1. 标签文本预处理
使用 <PAD> 做标签对齐补齐,使用<GO>和<EOS>对标签做起始和结束标志,用于告诉decoder文本起始与结束,对于某些低频词汇和不关心词汇使用<UNK>标签替代.
2.seq2seq api
- encoder部分
通常使用 lstm 或 gru 进行编码,在其前可以添加cnn做特征抽取
- decoder部分
主要函数是TrainingHelper, GreedyEmbeddingHelper, BasicDecoder, dynamic_decode
TrainingHelper 用于训练时
class TrainingHelper(Helper):
"""A helper for use during training. Only reads inputs.
Returned sample_ids are the argmax of the RNN output logits.
"""
def __init__(self, inputs, sequence_length, time_major=False, name=None):
"""Initializer.
Args:
inputs: A (structure of) input tensors.
sequence_length: An int32 vector tensor.
time_major: Python bool. Whether the tensors in `inputs` are time major.
If `False` (default), they are assumed to be batch major.
name: Name scope for any created operations.
Raises:
ValueError: if `sequence_length` is not a 1D tensor.
"""
input: 上一个时刻的 , 对于第一个解码,输入是 <GO> 对应的的字典下标的向量,经过 embedding 后的矩阵
sequence_length: decoder 目标的长度
GreedyEmbeddingHelper 用于预测时
class GreedyEmbeddingHelper(Helper):
"""A helper for use during inference.
Uses the argmax of the output (treated as logits) and passes the
result through an embedding layer to get the next input.
"""
def __init__(self, embedding, start_tokens, end_token):
"""Initializer.
Args:
embedding: A callable that takes a vector tensor of `ids` (argmax ids),
or the `params` argument for `embedding_lookup`. The returned tensor
will be passed to the decoder input.
start_tokens: `int32` vector shaped `[batch_size]`, the start tokens.
end_token: `int32` scalar, the token that marks end of decoding.
Raises:
ValueError: if `start_tokens` is not a 1D tensor or `end_token` is not a
scalar.
"""
input: 是embedding后的词向量库, callable, 每个上一时刻的预测值均会经过这个 embedding 转化为词向量
start_tokens: 开始的下标向量, 即 <GO> 在字典中的下标 index 的常量向量
end_token: 结束标志的下标值
BasicDecoder 解码函数
class BasicDecoder(decoder.Decoder):
"""Basic sampling decoder."""
def __init__(self, cell, helper, initial_state, output_layer=None):
"""Initialize BasicDecoder.
Args:
cell: An `RNNCell` instance.
helper: A `Helper` instance.
initial_state: A (possibly nested tuple of...) tensors and TensorArrays.

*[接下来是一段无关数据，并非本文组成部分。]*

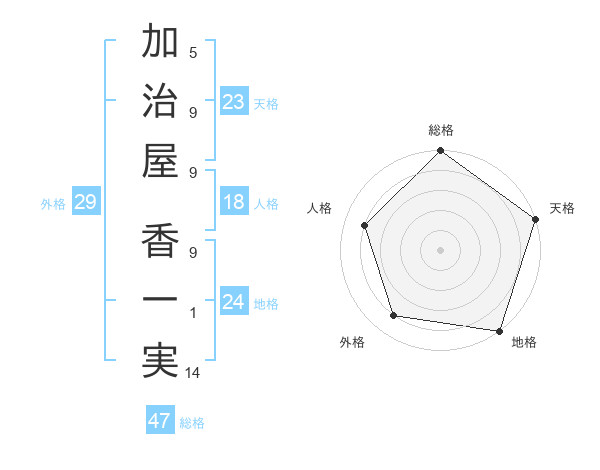 加治屋 香一実さんを姓名の画数から五運を鑑定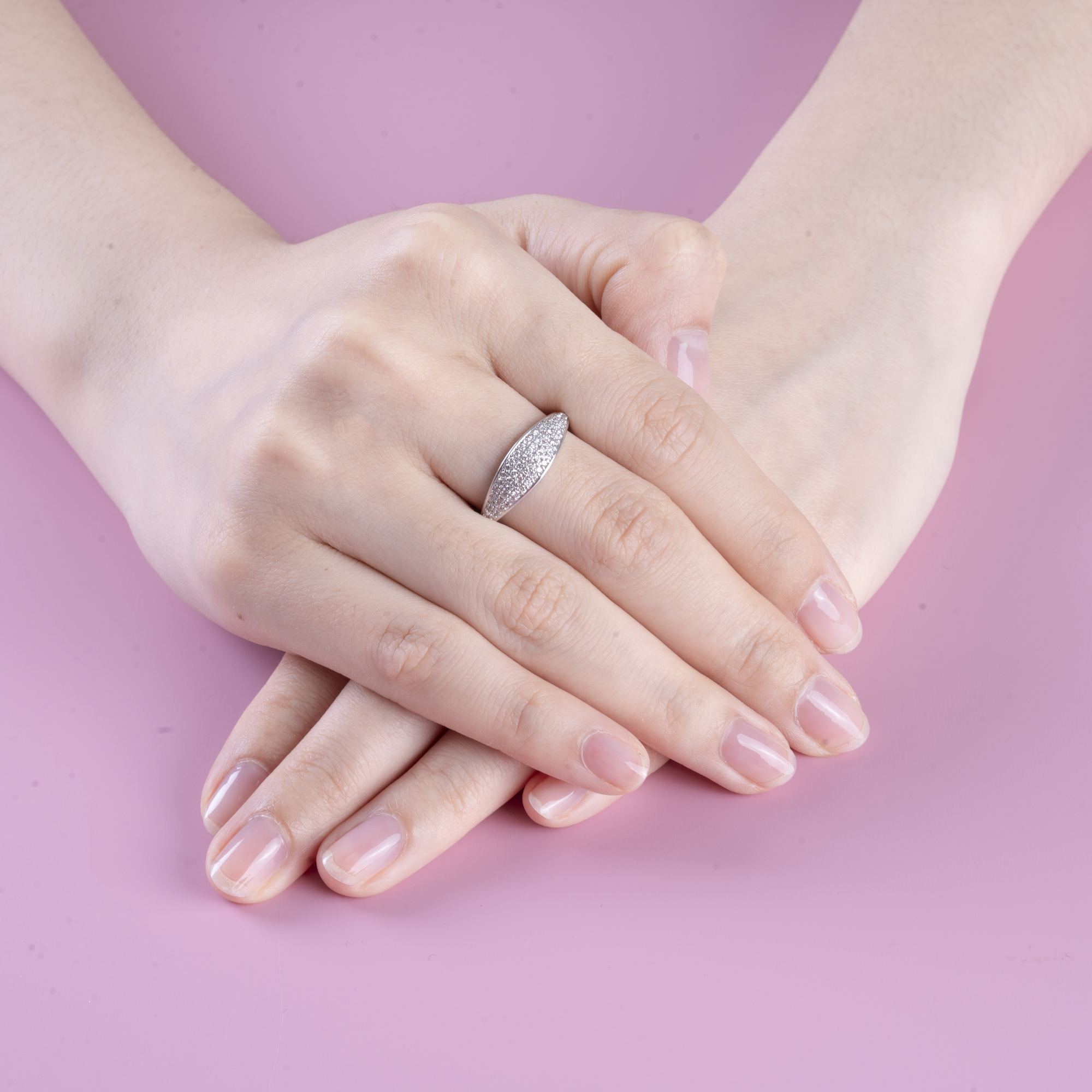 Chiếc nhẫn gây ấn tượng với thiết kế mặt marquise đầy thanh thoát, giúp tôn dáng ngón tay thon gọn và mềm mại hơn.

The initial state of the RNNCell.
output_layer: (Optional) An instance of `tf.layers.Layer`, i.e.,
`tf.layers.Dense`. Optional layer to apply to the RNN output prior
to storing the result or sampling.
Raises:
TypeError: if `cell`, `helper` or `output_layer` have an incorrect type.
"""
cell: rnn单元, 如果有attention机制, 就是经过attention warpper后的cell
helper: 前面两个helper中的一个
initial_state: 初始状态, 如果没有 attention 机制, 就是 encoder 的输出状态; 如果有 attention 机制, 就是 dec_cell.zero_state(batch_size, dtype=tf.float32), dec_cell就是attention warpper后的cell
output_layer: 通常是dense层
tf.contrib.seq2seq.dynamic_decode 动态的解码器, 可以解码不同长度的输入,但每个batch的解码长度必须相同
def dynamic_decode(decoder,
output_time_major=False,
impute_finished=False,
maximum_iterations=None,
parallel_iterations=32,
swap_memory=False,
scope=None):
"""Perform dynamic decoding with `decoder`.
Calls initialize() once and step() repeatedly on the Decoder object.
Args:
decoder: A `Decoder` instance.
output_time_major: Python boolean. Default: `False` (batch major). If
`True`, outputs are returned as time major tensors (this mode is faster).
Otherwise, outputs are returned as batch major tensors (this adds extra
time to the computation).
impute_finished: Python boolean. If `True`, then states for batch
entries which are marked as finished get copied through and the
corresponding outputs get zeroed out. This causes some slowdown at
each time step, but ensures that the final state and outputs have
the correct values and that backprop ignores time steps that were
marked as finished.
maximum_iterations: `int32` scalar, maximum allowed number of decoding
steps. Default is `None` (decode until the decoder is fully done).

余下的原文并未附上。